● **What the task asks**:
Every line below must come back exactly as it stands, with the images omitted.

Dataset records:
___

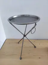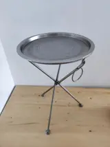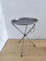 Luxe inklapbare bijzettafel van geborsteld antique nickel kleurig metaal (vintage finish). Het tafelblad van de tafel is afneembaar en kan ook als dienblad wordten gebruikt. Veelzijdig inzetbaar, bijv. als bijzettafel, nachttafel, haltafel, salontafel, enz. Het karakteristieke ontwerp wordt gekenmerkt door de gekruiste 3-poot en de metalen ring
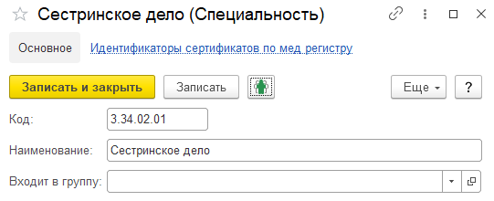 Если ей воспользоваться, появится форма для задания соответствия элемента справочника всем подходящим классификаторам НСИ Минздрава:
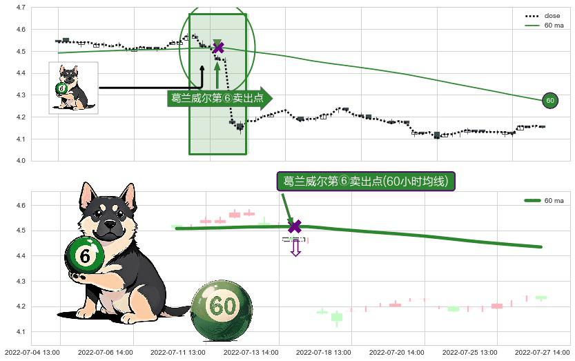 形态多维评估: ⚀ 2022-07-14 13:00:00-小时显现 葛兰威尔均线 60小时均线 第⑥卖出点 走势反转见顶信号,后市看跌,卖出信号
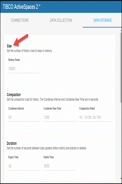 - Navigate to Solution Package Configuration>TIBCO Active Spaces>DATA STORAGE tab.
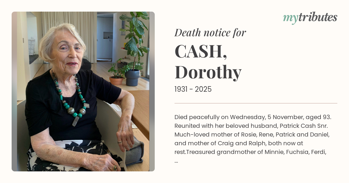 Died peacefully on Wednesday, 5 November, aged 93. Reunited with her beloved husband, Patrick Cash Snr. Much-loved mother of Rosie, Renée, Patrick and Daniel, and mother of Craig and Ralph, both now at rest.
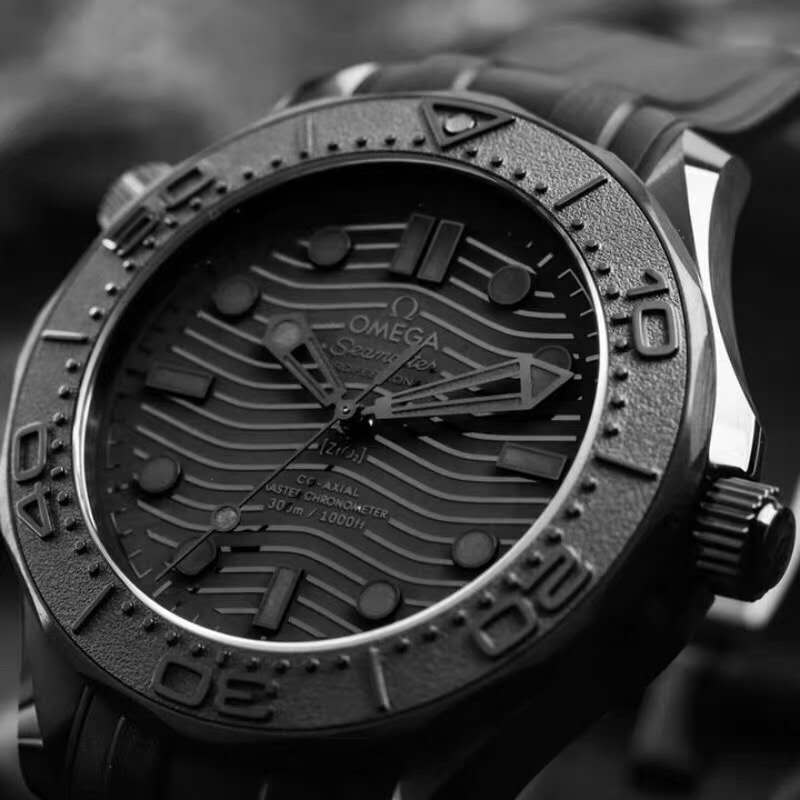 SEAMASTER 300 Black dial Black rubber strap men watch
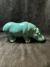 VTG MID-CENTURY FRANK ENGLE ART STUDIO CERAMIC BLUE HIPPO FIGURINE HTF
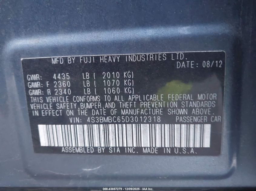 2013 SUBARU LEGACY 2.5I PREMIUM
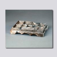 首都博物館藏。泥質紅陶。明器。長方形,共分為十個大小不等的格子。外施褐色釉,底部有座,并有弧形裝飾,是魏晉南北朝時期的典型隨葬器物之一,并且可作為中原地區(qū)墓葬分期的標準器物之一,流行于公元3世紀中期至5世紀末期。
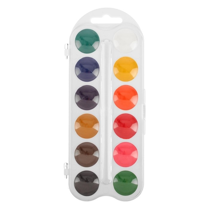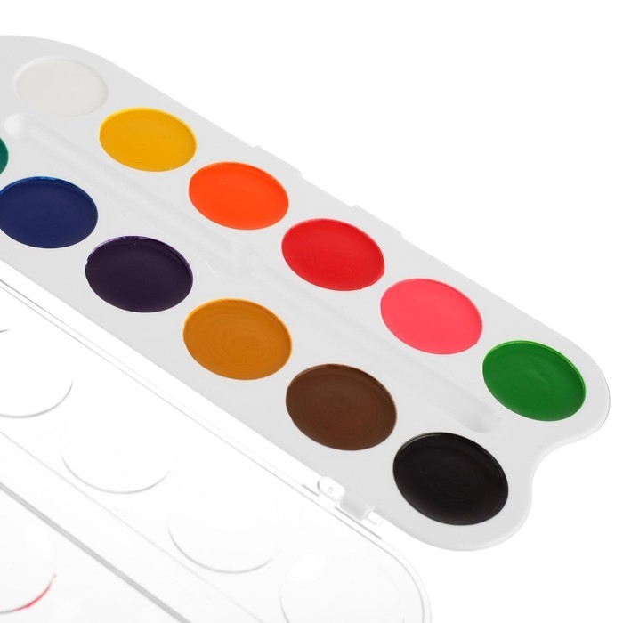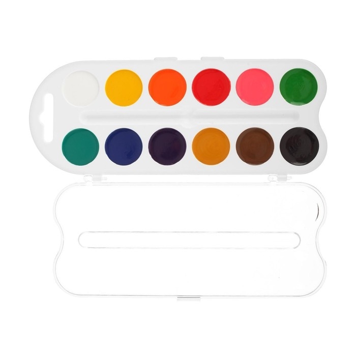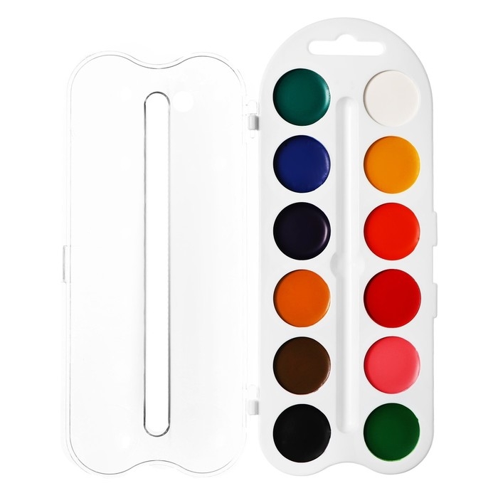 Акварель медовая ЗХК "Цветик", 12 цветов, в пластиковой коробке, без кисти
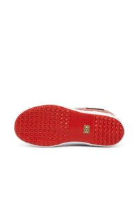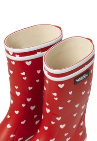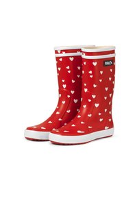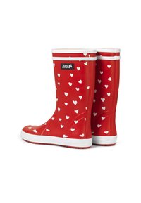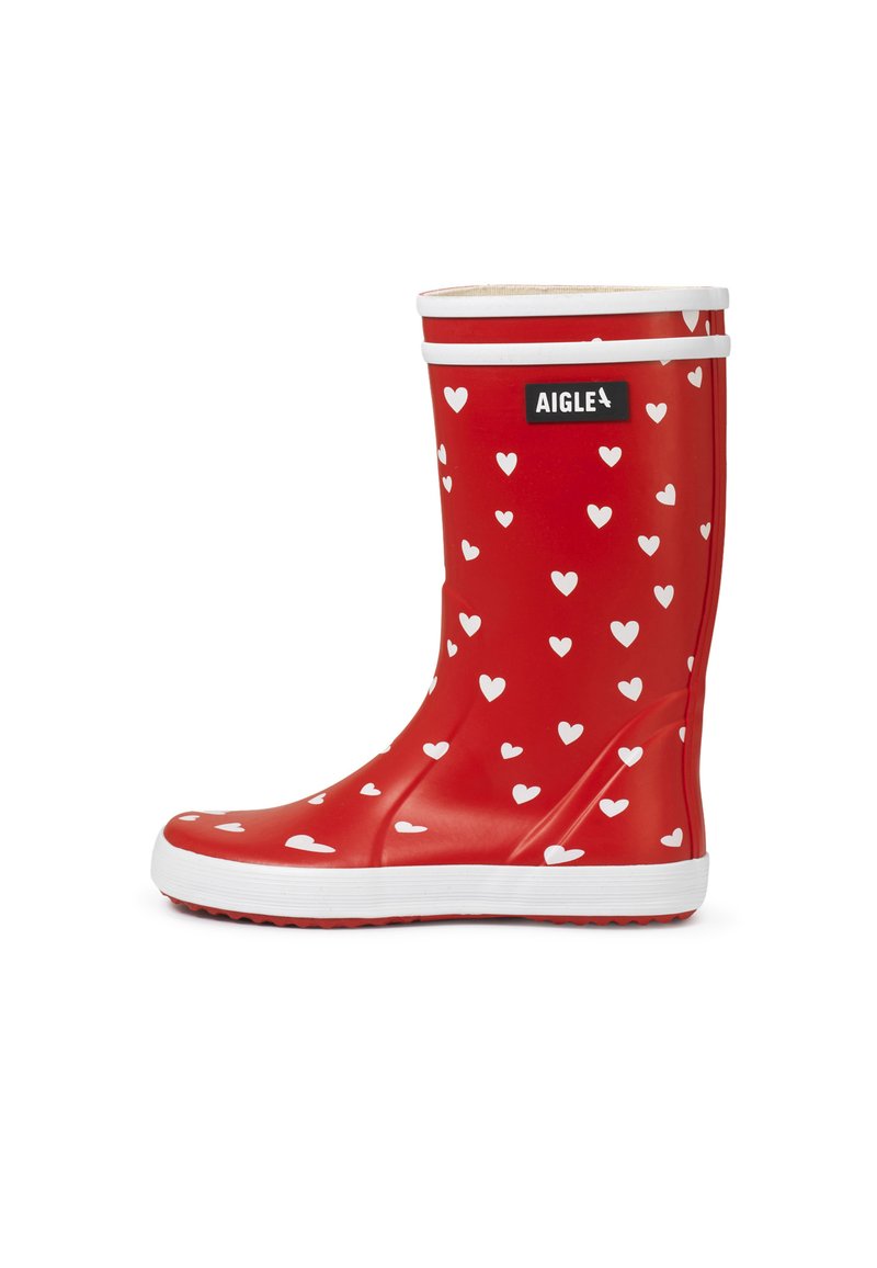Czerwony gumowy kalosz z białym wzorem serc, białą lamówką i podeszwą oraz czarnym prostokątnym logo „Aigle” przy górze.
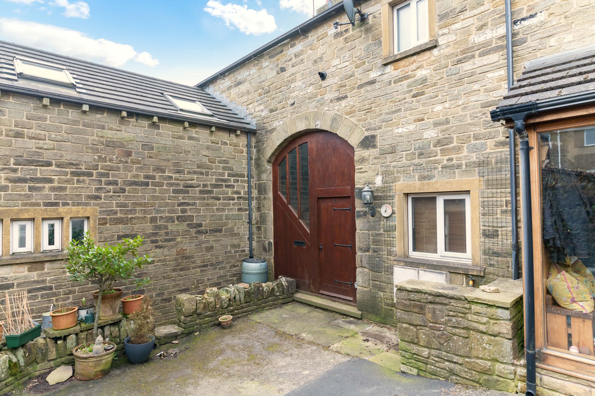 A BEAUTIFULLY POSITIONED, TWO BEDROOMED COTTAGE WITH HOME OFFICE LOFT SPACE AND WONDERFUL BEAMS AND TIMBERS, THIS BARN CONVERSION IS SET IN A DELIGHTFUL, SMALL COURTYARD AND ENJOYS STUNNING VIEWS. POSITIONED IN THE DESIRABLE VILLAGE OF UPPERTHONG WITH RURAL WALKS IN ABUNDANCE, THIS OFFERS A BEAUTIFUL HOME WITH GAS FIRED CENTRAL HEATING AND DOUBLE GLAZING. It briefly comprises: Entrance hall, lounge with dining area and spectacular views, kitchen, two good-sized bedrooms, bathroom, ladder/staircase to the top floor home office/loft with three Velux-style windows. Externally, there is a small stone-flagged pathway for sitting out space, rare for the village, garage and parking space before it. A home that must be seen to fully understood and appreciated. EPC rating: D Council tax: C Tenure: Freehold
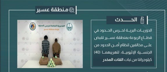 قبضت الدوريات البرية لحرس الحدود في قطاع الربوعة بمنطقة عسير على مخالفين لنظام أمن الحدود من الجنسية الإثيوبية، لتهريبهما (40) كيلوجرامًا من نبات القات المخدر، واستكملت الإجراءات النظامية الأولية بحقهما، وسُلّما والمضبوطات لجهة الاختصاص.
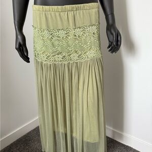 ⚪️ Sheer Sage Green Tulle Midi Skirt with Lace Detail | M/L

___

● **Solution below**:
 Luxe inklapbare bijzettafel van geborsteld antique nickel kleurig metaal (vintage finish). Het tafelblad van de tafel is afneembaar en kan ook als dienblad wordten gebruikt. Veelzijdig inzetbaar, bijv. als bijzettafel, nachttafel, haltafel, salontafel, enz. Het karakteristieke ontwerp wordt gekenmerkt door de gekruiste 3-poot en de metalen ring
 Если ей воспользоваться, появится форма для задания соответствия элемента справочника всем подходящим классификаторам НСИ Минздрава:
 形态多维评估: ⚀ 2022-07-14 13:00:00-小时显现 葛兰威尔均线 60小时均线 第⑥卖出点 走势反转见顶信号,后市看跌,卖出信号
 - Navigate to Solution Package Configuration>TIBCO Active Spaces>DATA STORAGE tab.
 Died peacefully on Wednesday, 5 November, aged 93. Reunited with her beloved husband, Patrick Cash Snr. Much-loved mother of Rosie, Renée, Patrick and Daniel, and mother of Craig and Ralph, both now at rest.
 SEAMASTER 300 Black dial Black rubber strap men watch
 VTG MID-CENTURY FRANK ENGLE ART STUDIO CERAMIC BLUE HIPPO FIGURINE HTF
 2013 SUBARU LEGACY 2.5I PREMIUM
 首都博物館藏。泥質紅陶。明器。長方形,共分為十個大小不等的格子。外施褐色釉,底部有座,并有弧形裝飾,是魏晉南北朝時期的典型隨葬器物之一,并且可作為中原地區(qū)墓葬分期的標準器物之一,流行于公元3世紀中期至5世紀末期。
 Акварель медовая ЗХК "Цветик", 12 цветов, в пластиковой коробке, без кисти
Czerwony gumowy kalosz z białym wzorem serc, białą lamówką i podeszwą oraz czarnym prostokątnym logo „Aigle” przy górze.
 A BEAUTIFULLY POSITIONED, TWO BEDROOMED COTTAGE WITH HOME OFFICE LOFT SPACE AND WONDERFUL BEAMS AND TIMBERS, THIS BARN CONVERSION IS SET IN A DELIGHTFUL, SMALL COURTYARD AND ENJOYS STUNNING VIEWS. POSITIONED IN THE DESIRABLE VILLAGE OF UPPERTHONG WITH RURAL WALKS IN ABUNDANCE, THIS OFFERS A BEAUTIFUL HOME WITH GAS FIRED CENTRAL HEATING AND DOUBLE GLAZING. It briefly comprises: Entrance hall, lounge with dining area and spectacular views, kitchen, two good-sized bedrooms, bathroom, ladder/staircase to the top floor home office/loft with three Velux-style windows. Externally, there is a small stone-flagged pathway for sitting out space, rare for the village, garage and parking space before it. A home that must be seen to fully understood and appreciated. EPC rating: D Council tax: C Tenure: Freehold
 قبضت الدوريات البرية لحرس الحدود في قطاع الربوعة بمنطقة عسير على مخالفين لنظام أمن الحدود من الجنسية الإثيوبية، لتهريبهما (40) كيلوجرامًا من نبات القات المخدر، واستكملت الإجراءات النظامية الأولية بحقهما، وسُلّما والمضبوطات لجهة الاختصاص.
 ⚪️ Sheer Sage Green Tulle Midi Skirt with Lace Detail | M/L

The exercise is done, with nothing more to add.